The building blocks to future success hinge on three key areas and through focusing on these and building a strong FinTech community the future of FinTech in Wales is bright.

  • Skills: getting off the ‘brain drain train to Paddington’! Retaining and attracting skills has never been so important. Wales has a diverse range of colleges and universities, but the key is retaining that talent with retention rate across Wales low in comparison to other UK regions.

  • Funding: recent data by the UK Department for International Trade shows Wales secured 62 inward investment projects in 2019-2020, an increase of 22 per cent on the previous year compared to four per cent increase for the UK as a whole. We need to capitalise on this success and incentivise FinTech businesses to choose Wales and harness the funding available from both the government and Welsh government.

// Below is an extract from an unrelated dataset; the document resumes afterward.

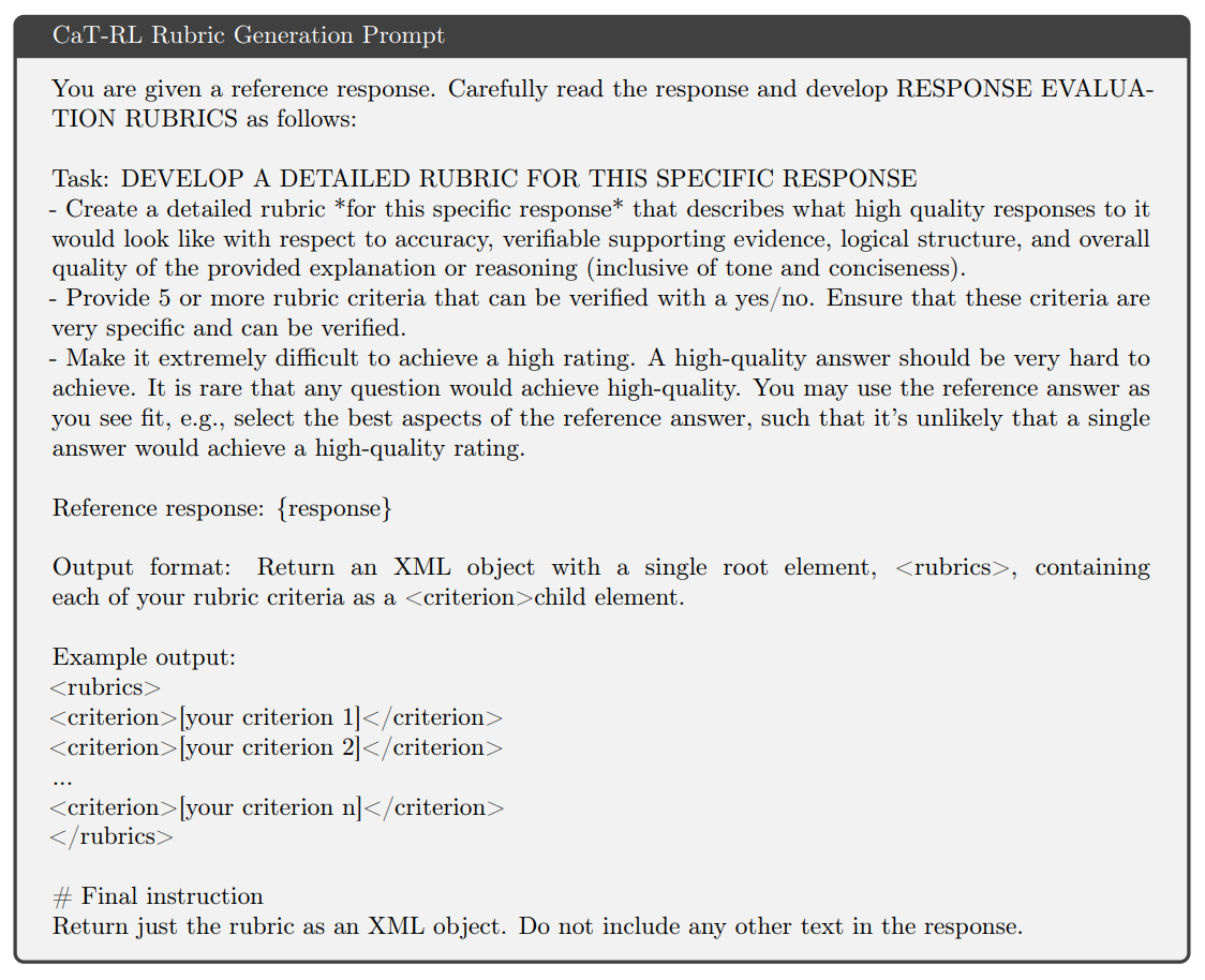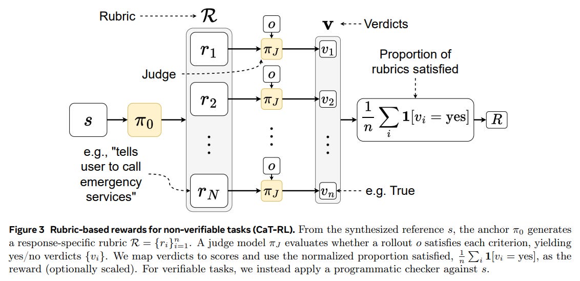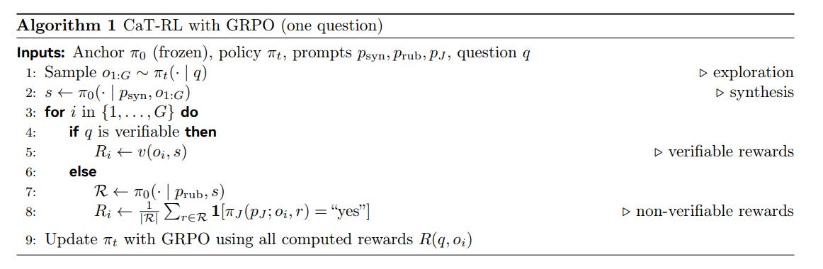 Non-Verifiable Tasks (e.g., healthcare): CaT introduces self-proposed rubrics. The anchor π_0 generates a response-specific rubric R = {r_i}—a set of binary, auditable criteria—based on the synthesized reference s.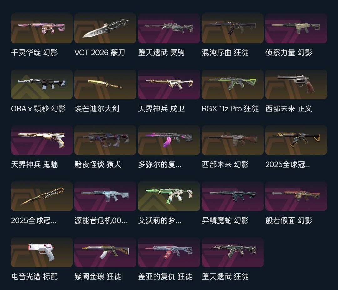 【白银II】可排 冻结三分钟重上 ORA颗秒套25冠军24冠军套VCT25爪刀光荣异象套西部未来套混沌序曲套

  • Inspire: Wales has the right ecosystem for fledgling FinTech businesses to thrive along with good transport links, the question is how do we harness all the ingredients to inspire businesses to set down roots?

Successful FinTech clusters are underpinned by a successful ecosystem where there is a culture of connectivity. The proximity to financial services, STEM talent and investment all play a part, as does the agility of FinTech companies themselves.

We should not be afraid to fail but be swift to recover. Wales has all the right ingredients; it now needs to build its FinTech community to help realise its potential and respond with speed to the opportunities available, which will cement its growth trajectory from an ‘emerging’ cluster towards an ‘established’ cluster.